Currently, there are two primary methods of afforestation, reforestation, and revegetation (“ARR”) including land reclamation, and these include the direct planting of seedlings and seed casting. Direct planting of seedlings is a multi-step approach consisting of planting and growth of seeds in a green house or controlled environment until a minimum height is reached for the plant or “shoot” prior to being transported to the desired site of plantation and inserted into the soil. The process of growing these plants in a controlled setting can vary and the length of time required for each plant also varies depending on the species and geographical location. Vegetation that is grown in a controlled setting prior to being physically transported may require over 2 years of growth in a green house. This process requires high operational, overhead, direct and indirect labour costs as well as the use of a significant volume of resources. This process also generates a high volume of plastic waste, as seedlings may be transported individually in plastic containers, which are then disposed of. All of these factors can lead this process to be extremely inefficient as there is significant time and resources invested in the life of the plant and there are far too many variables that may negatively impact the plant in this time frame. There are several challenges in the process of physical transportation and planting of the vegetation that increases the fragility of this process and leads to a very low success rate in ARR efforts.

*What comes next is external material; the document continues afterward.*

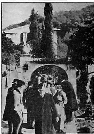
REPORTERS OUTSIDE THE VILLA LOU VIEI AT CANNES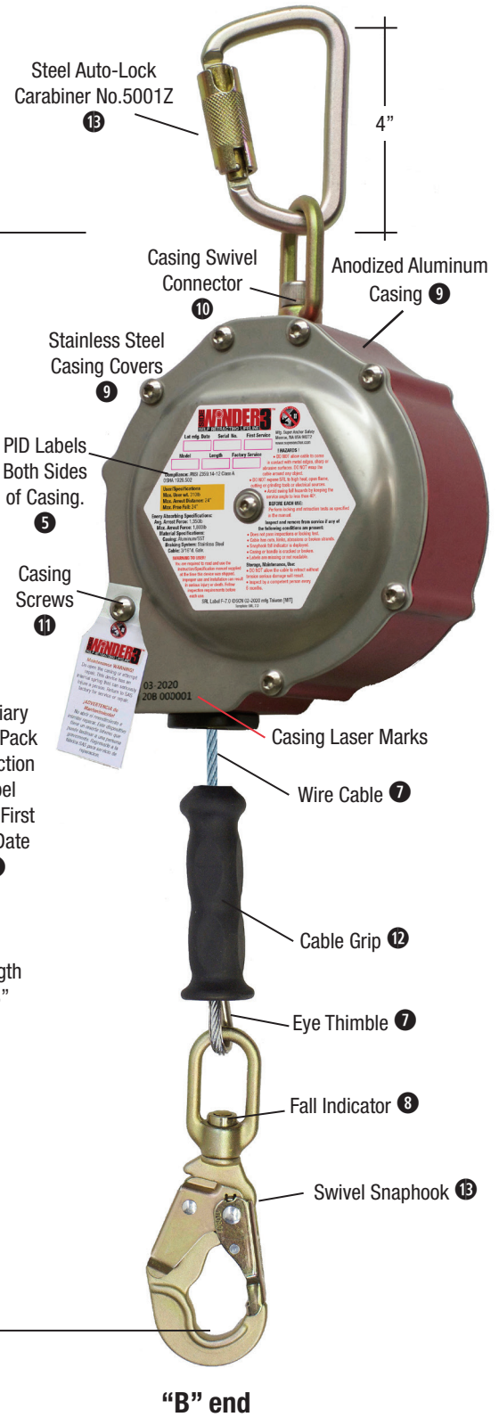
Fig.1A SideWinder3 “A” end

⊗ Inspection Points consult SideWinder2 manual pg.2

The other method of rapid ARR is the process of seed casting where seeds of varying species of vegetation are cast and spread over a geographical location using mechanical means of dispersion and distribution. This process has the benefit of being low operational cost as compared to planting methods, however it has a 3% or lower germination success rate which represents a very high waste of seeds.

There are several external factors that limit the success of seedling planting or seed casting. The climatic conditions in a geographical region have significant influence over plant growth. Some regions present optimal growth conditions and some regions will inhibit the germination, growth or cultivation of vegetation. Climatic conditions involve multiple factors including: volume of precipitation, relative humidity and hours of sunlight. Another example of an external limiting factor is the soil and ground condition. The presence of the correct nutrients, moisture, and pH will impact the fertility of the ground conditions and can impact the successful growth of plants. Other external agents include the presence of insects, fungi, weeds, predatory species/animals that feed on seeds and vegetation.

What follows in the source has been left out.